> **What to do**
Print each line below verbatim, skipping every picture.

> **Supplied data**
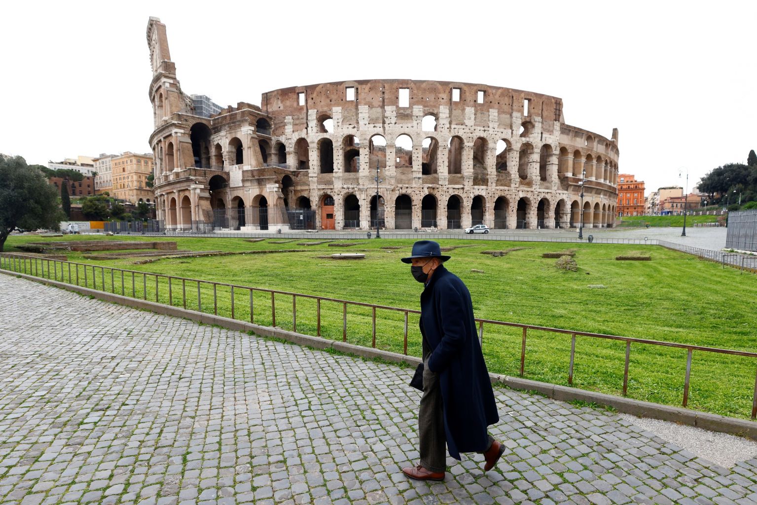 A man walks near the Colosseum on the second day of lockdown in Rome, Italy, March 16, 2021.
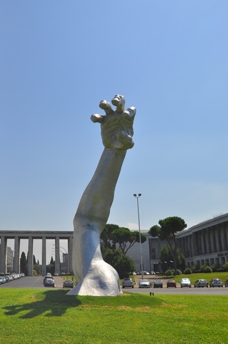 Tag: mano, verde, braccio, erba, prato, cielo, monumento, alberi, dita, scultura, colonne, automobili, strada, azzurro, argento, statua, palazzi, lampione.
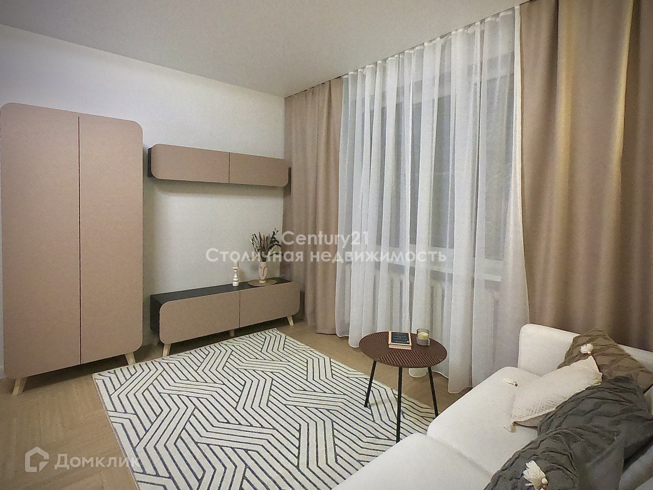 Комната Спальня-гостиная 19 кв.м: кровать с подъемным механизмом, 2 подвесные прикроватные тумбочки, диван для отдыха, журнальный столик, вместительный Шкаф, тумба под TV.
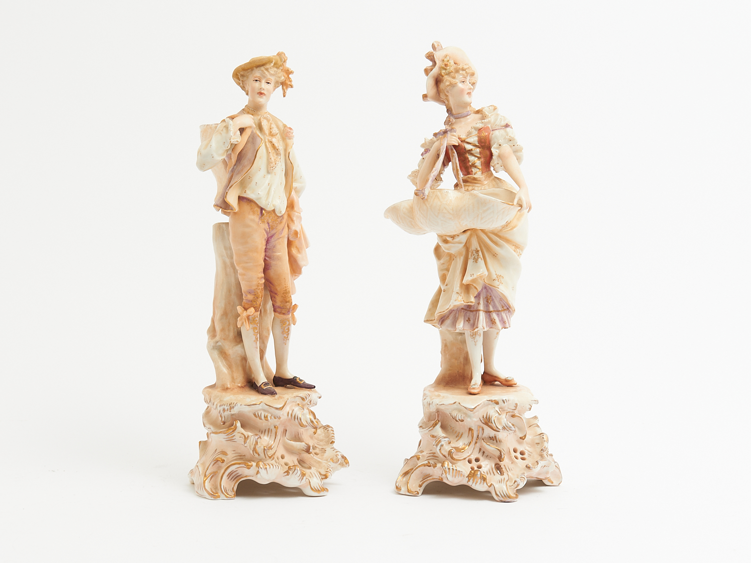 A PAIR OF FIGURES BY SCHIERHOLTZ OF PLAUE (A/F) H.31CM (TALLEST), LEONARD JOEL LOCAL DELIVERY: MEDIUM
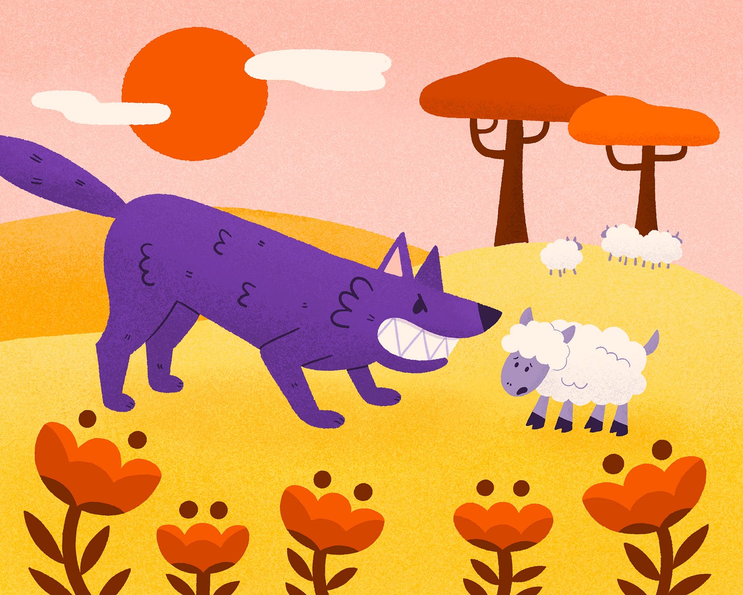 One day, a wolf noticed a lamb astray from his flock—an easy target. But the wolf did not want to outright jump this lamb. Instead, he decided to address the lamb directly and justify his right to kill him. The wolf approached him.
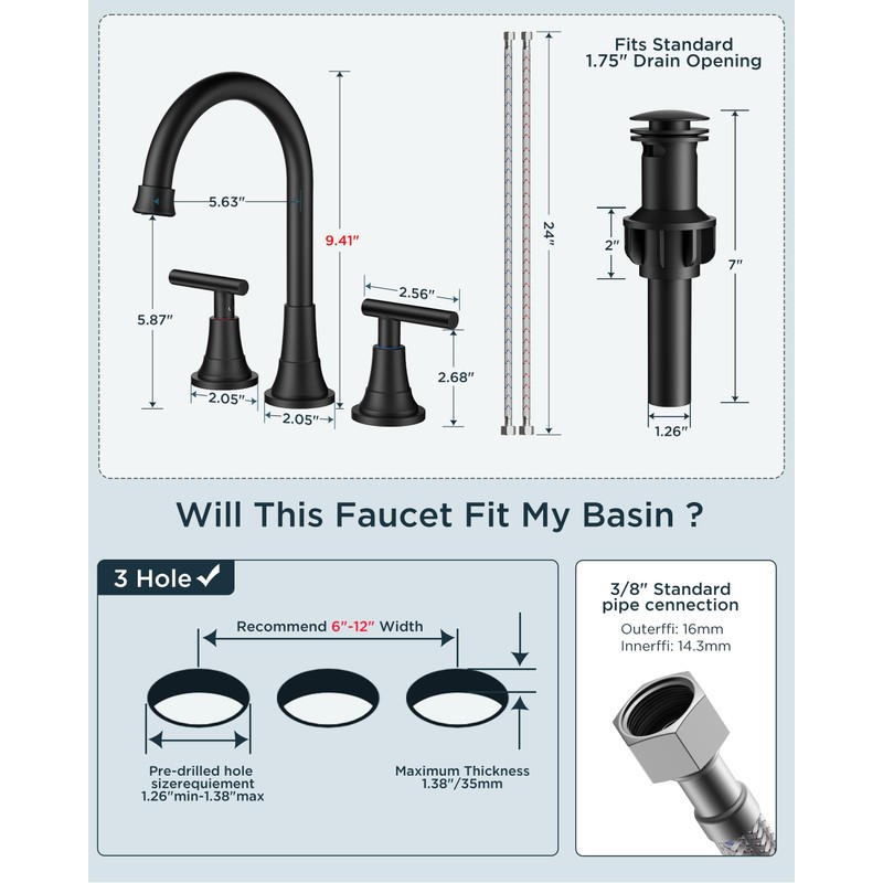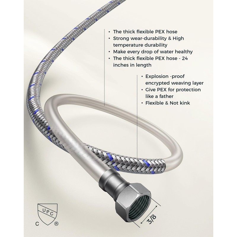 - CUPC HOSE: The 3 hole bathroom faucet integrated InnoFlex PEX supply line, wrapped in 24" braided Flexible hose, explosion-proof and high temperature. The US standard pipe connection 3/8 thread with built-in rubber ring effectively avoids leakage
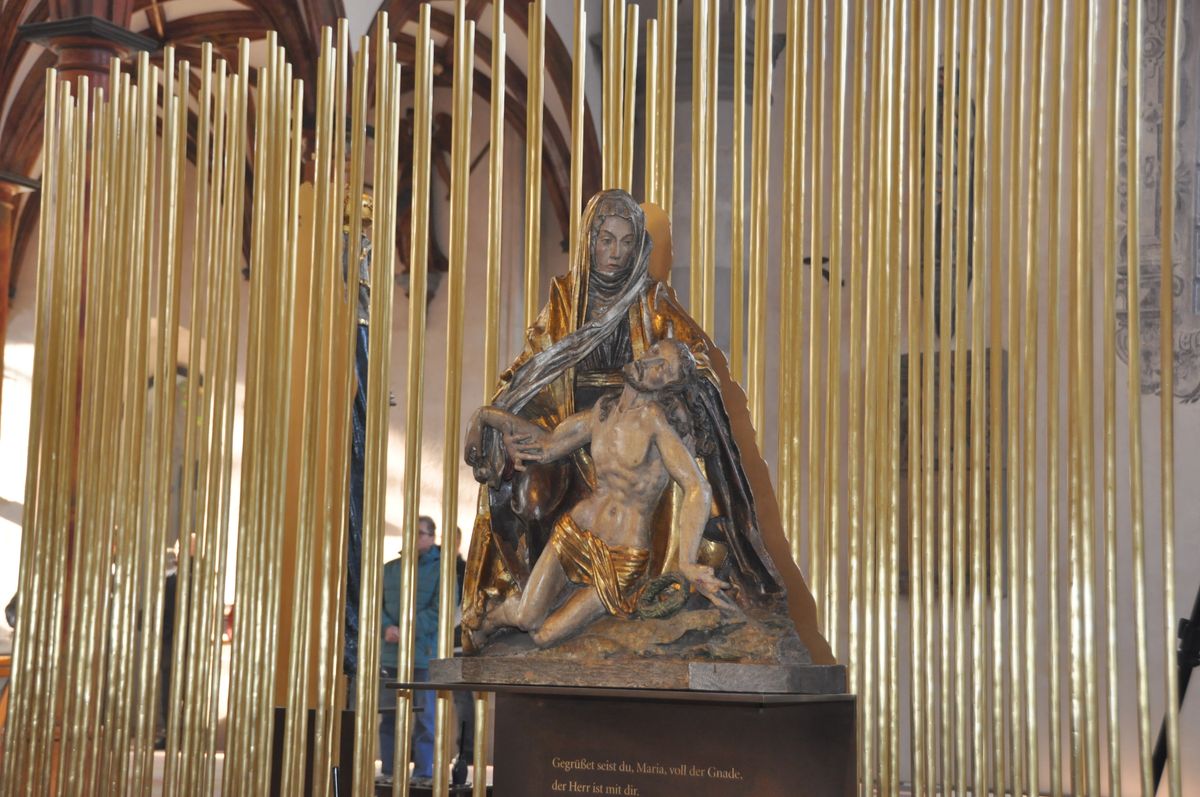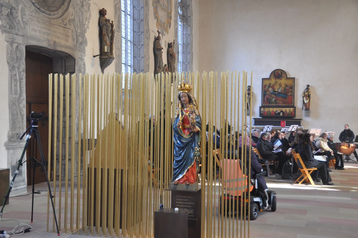 „Der Marienort greift das Thema Licht und Transzendez auf“, beschreibt das Künstlerehepaar das Konzept für die zwei historischen Marienfiguren im Seitenschiff. Goldene Stäbe markieren die Marienwand, lassen aber auch den Blick auf den Raum dahinter offen. „Es entsteht ein Spiel von Transparenz und Transzendenz, von Aufsicht und Durchsicht, Materialität und Auflösung.“ Die beiden Marienfiguren stehen auf patinierten Messingkonsolen mit einpunzierten vergoldeten Texten des Ave Maria.
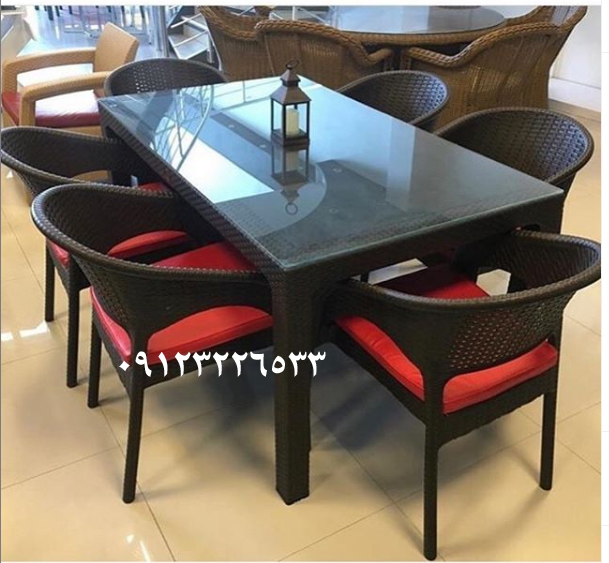 • میز صندلی شش نفره پلاستیکی ( دارای طح حصیر )
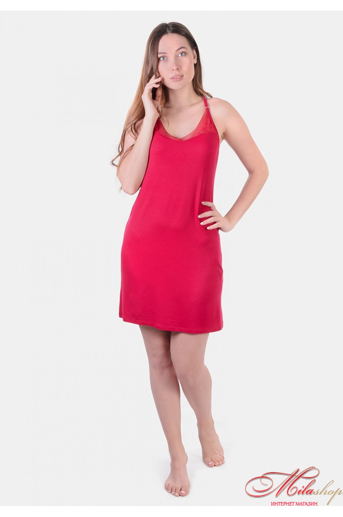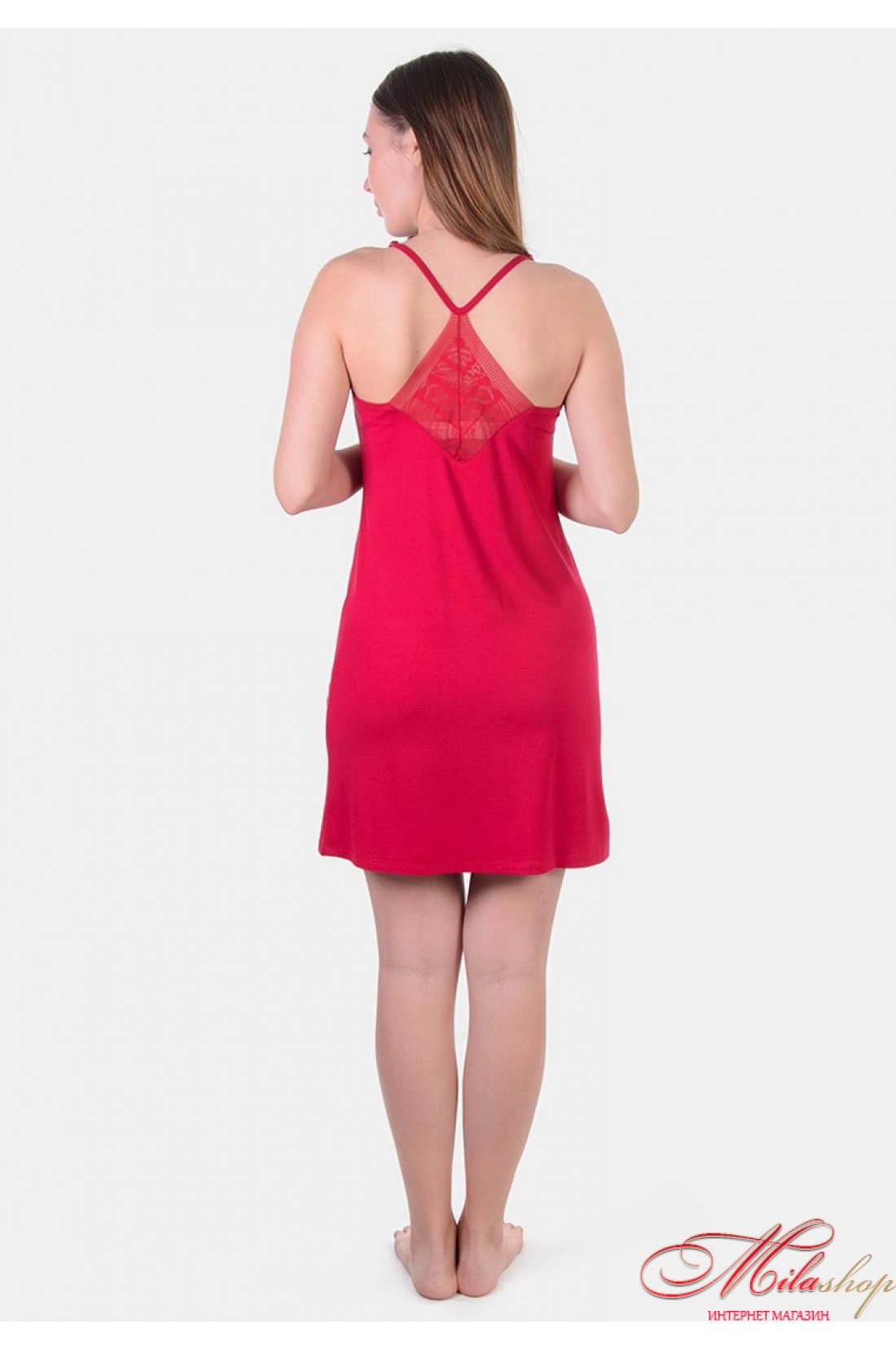 Нічна сорочка прямого крою на тонких бретелях, що регулюються. Виконана з найніжнішої віскози та м'якого мережива. Спинка-борцювання.

> **Expected answer**
 A man walks near the Colosseum on the second day of lockdown in Rome, Italy, March 16, 2021.
 Tag: mano, verde, braccio, erba, prato, cielo, monumento, alberi, dita, scultura, colonne, automobili, strada, azzurro, argento, statua, palazzi, lampione.
 Комната Спальня-гостиная 19 кв.м: кровать с подъемным механизмом, 2 подвесные прикроватные тумбочки, диван для отдыха, журнальный столик, вместительный Шкаф, тумба под TV.
 A PAIR OF FIGURES BY SCHIERHOLTZ OF PLAUE (A/F) H.31CM (TALLEST), LEONARD JOEL LOCAL DELIVERY: MEDIUM
 One day, a wolf noticed a lamb astray from his flock—an easy target. But the wolf did not want to outright jump this lamb. Instead, he decided to address the lamb directly and justify his right to kill him. The wolf approached him.
 - CUPC HOSE: The 3 hole bathroom faucet integrated InnoFlex PEX supply line, wrapped in 24" braided Flexible hose, explosion-proof and high temperature. The US standard pipe connection 3/8 thread with built-in rubber ring effectively avoids leakage
 „Der Marienort greift das Thema Licht und Transzendez auf“, beschreibt das Künstlerehepaar das Konzept für die zwei historischen Marienfiguren im Seitenschiff. Goldene Stäbe markieren die Marienwand, lassen aber auch den Blick auf den Raum dahinter offen. „Es entsteht ein Spiel von Transparenz und Transzendenz, von Aufsicht und Durchsicht, Materialität und Auflösung.“ Die beiden Marienfiguren stehen auf patinierten Messingkonsolen mit einpunzierten vergoldeten Texten des Ave Maria.
 • میز صندلی شش نفره پلاستیکی ( دارای طح حصیر )
 Нічна сорочка прямого крою на тонких бретелях, що регулюються. Виконана з найніжнішої віскози та м'якого мережива. Спинка-борцювання.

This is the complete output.